Once I began the process, new stories literally flooded my mind, and I had to work more quickly to develop one story onto paper before the next one began growing and caused me to forget the full details of the previous one. I worked on Creating Memories, of a woman questioning her own past. Trusting in Faith was fourth, an exploration of family conflicts. A Sense of Duty mirrors Persuasion, the classic Jane Austen tale of love lost. These stories definitely "overlapped" in the sense that I'd be finishing up one when the next storyline would come to me and demand to be written. Often I was moving back and forth between stories to complete them.

So now I had five books done. I was actively trying to submit these to Harlequin. Why Harlequin? I wanted to be on a book store bookshelf, and almost every book on the romance novel shelves I looked at were published by Harlequin. They seemed to have a near monopoly on the romance market. This was in the days of printing out actual hard copy and mailing them out to England, so it was a long process, with about six months between when I sent a book and received a response. Each time I submitted a book to them, while they said they loved my writing style, they declined. They told me to read their books to see why ;) When I read their books, I saw that clearly the books on the market were full of extremely graphic sex. My novels had only gentle romance.

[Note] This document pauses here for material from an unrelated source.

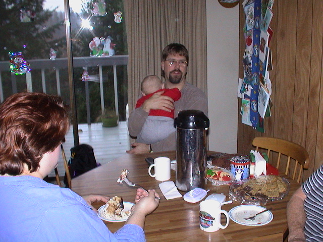 Caption: Eating cinnamon rolls for Christmas Breakfast.

I decided after five gentle but firm rejections that I should see just how well this could work if I gave it my very best effort. My sixth book, Seeking the Truth, was explicitly written with Harlequin in mind. I made it as sexual as I felt comfortable with. This was the most sexually charged book I would write. If Harlequin still felt this was not enough, then that was a fairly clear indication that I should look elsewhere.

Sure enough, despite my efforts, it still wasn't accepted by Harlequin. Which is fine. We are all different kinds of people, and I just am not someone who enjoys writing bodice-ripping, heaving-dripping-body-parts content. So I have come to accept that, and now am working on self publishing my books instead.

That meant as I moved on to book #7 I could release any thoughts of writing to please an external editorial team. I poured myself into Looking Back, the story of a woman shaking herself free of past memories. Next was Knowing Yourself, a fun book of a pair of sisters on a quest for a bachelor. Ninth was Finding Peace about a woman launching out on her own, dealing with the world on her own terms. Tenth was Lady in Red, where the heroine takes on a challenge single-handedly without expectation of help or assistance.

These last four books were greatly overlapping in their writing process. The story ideas were coming fast and furious now, and I was challenged to keep up with the process of putting the ideas down to paper quickly enough!

These are the ten medieval novels I am now in the process of self publishing. I am trying to focus on polishing and publishing these ten before I take on any new storylines. It's a challenge - there are more ideas calling to me from the curtains, if I can just find the time to give them room to flourish and grow!

As always, feel free to write me if you have any questions or comments!

Sequential Order of the Creation of the Novels:
Badge of Honor
Believing your Eyes
Creating Memories
Trusting in Faith
A Sense of Duty
Seeking the Truth
Looking Back
Knowing Yourself
Finding Peace
Lady in Red


Each book's storyline is completely independent from the others. They are all set in medieval Britain, but they do not share characters. They can each be read in a fully standalone fashion. That being said, there are certainly characters in some of the stories that I am interested in fleshing out in another novel. For example, in Knowing Yourself there are two couples who are described who I'd love to write full novels about. So far I have come up with fresh new stories that sprung to mind fairly fully formed, so I have not had the opportunity to deliberately craft a "sequel novel" to one of these existing ones. We'll see what the future holds!